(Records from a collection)
◇ ◇ ◇

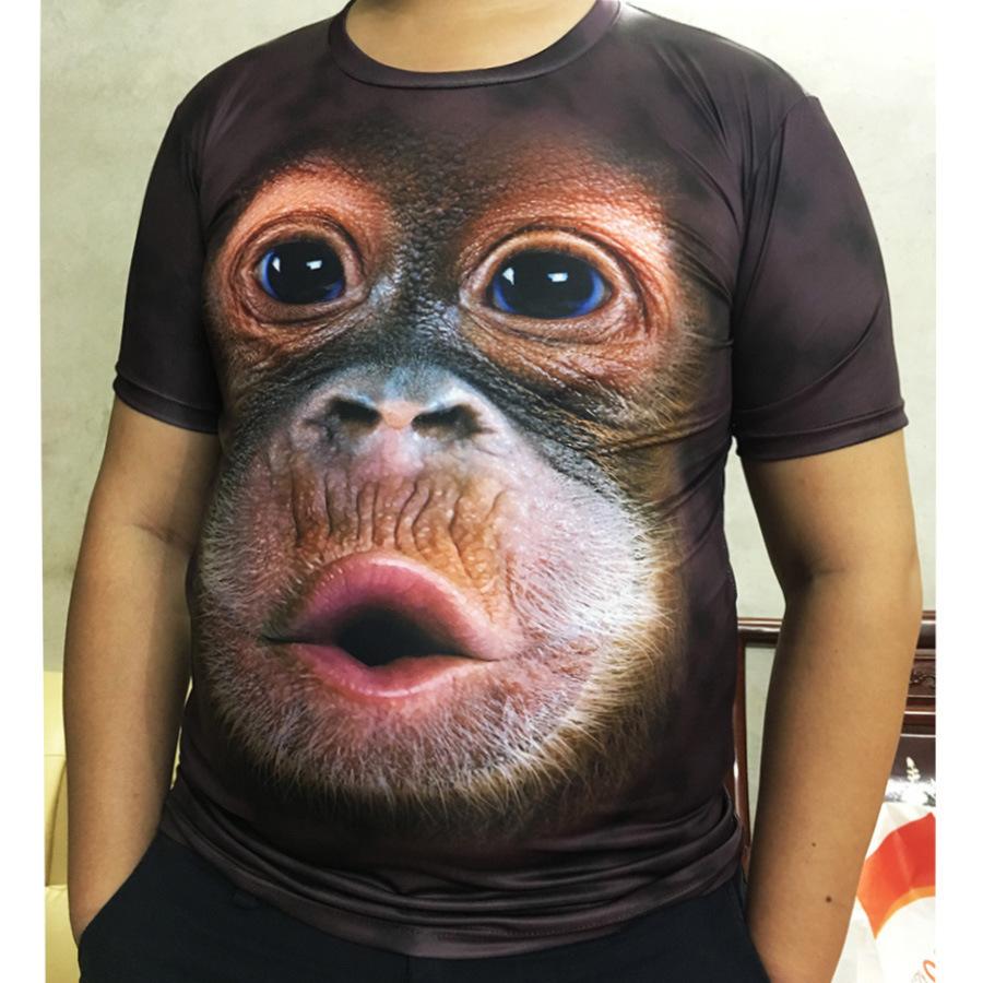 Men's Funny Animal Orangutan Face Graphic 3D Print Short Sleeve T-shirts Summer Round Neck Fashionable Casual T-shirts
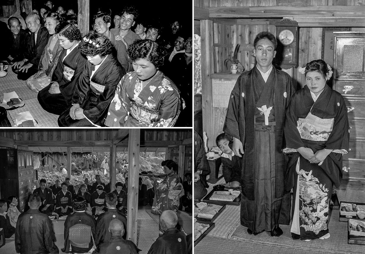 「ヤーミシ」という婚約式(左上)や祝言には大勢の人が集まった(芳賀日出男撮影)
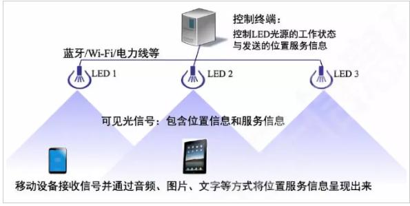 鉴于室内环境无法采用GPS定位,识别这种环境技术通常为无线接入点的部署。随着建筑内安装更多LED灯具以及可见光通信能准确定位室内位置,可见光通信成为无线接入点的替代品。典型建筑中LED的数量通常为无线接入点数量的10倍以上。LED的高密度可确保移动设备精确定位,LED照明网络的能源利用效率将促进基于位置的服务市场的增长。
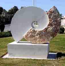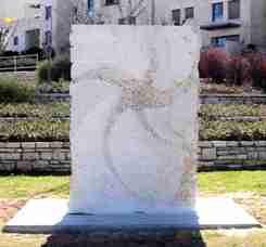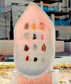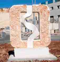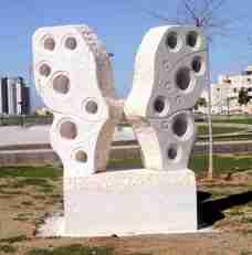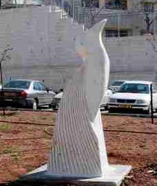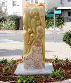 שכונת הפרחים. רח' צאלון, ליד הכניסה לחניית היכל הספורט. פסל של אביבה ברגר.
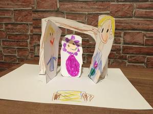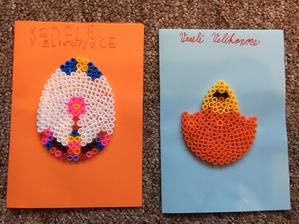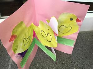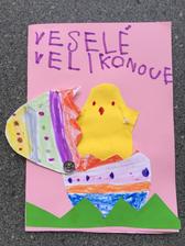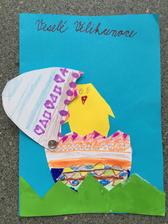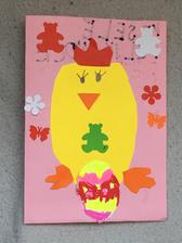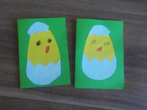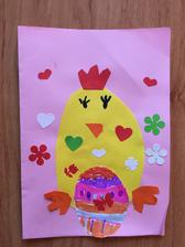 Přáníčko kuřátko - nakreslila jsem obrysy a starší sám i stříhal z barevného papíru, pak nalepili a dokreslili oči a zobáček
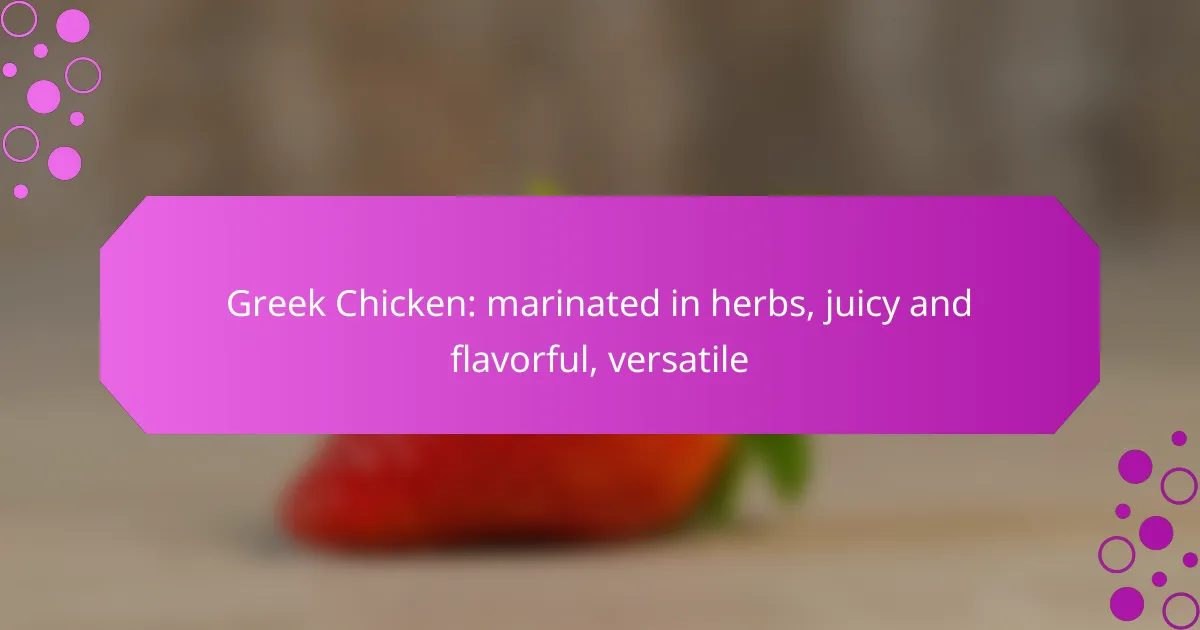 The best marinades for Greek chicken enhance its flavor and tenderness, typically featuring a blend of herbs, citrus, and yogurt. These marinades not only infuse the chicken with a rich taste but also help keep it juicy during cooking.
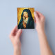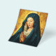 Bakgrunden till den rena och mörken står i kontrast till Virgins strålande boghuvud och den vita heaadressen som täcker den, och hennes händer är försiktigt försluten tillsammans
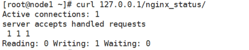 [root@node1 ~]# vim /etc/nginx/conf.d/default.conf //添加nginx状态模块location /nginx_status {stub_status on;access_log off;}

◇ ◇ ◇

◆ Exercise aim: Print the records again exactly. Skip every picture.

◆ Solution for this problem:
 Men's Funny Animal Orangutan Face Graphic 3D Print Short Sleeve T-shirts Summer Round Neck Fashionable Casual T-shirts
 「ヤーミシ」という婚約式(左上)や祝言には大勢の人が集まった(芳賀日出男撮影)
 鉴于室内环境无法采用GPS定位,识别这种环境技术通常为无线接入点的部署。随着建筑内安装更多LED灯具以及可见光通信能准确定位室内位置,可见光通信成为无线接入点的替代品。典型建筑中LED的数量通常为无线接入点数量的10倍以上。LED的高密度可确保移动设备精确定位,LED照明网络的能源利用效率将促进基于位置的服务市场的增长。
 שכונת הפרחים. רח' צאלון, ליד הכניסה לחניית היכל הספורט. פסל של אביבה ברגר.
 Přáníčko kuřátko - nakreslila jsem obrysy a starší sám i stříhal z barevného papíru, pak nalepili a dokreslili oči a zobáček
 The best marinades for Greek chicken enhance its flavor and tenderness, typically featuring a blend of herbs, citrus, and yogurt. These marinades not only infuse the chicken with a rich taste but also help keep it juicy during cooking.
 Bakgrunden till den rena och mörken står i kontrast till Virgins strålande boghuvud och den vita heaadressen som täcker den, och hennes händer är försiktigt försluten tillsammans
 [root@node1 ~]# vim /etc/nginx/conf.d/default.conf //添加nginx状态模块location /nginx_status {stub_status on;access_log off;}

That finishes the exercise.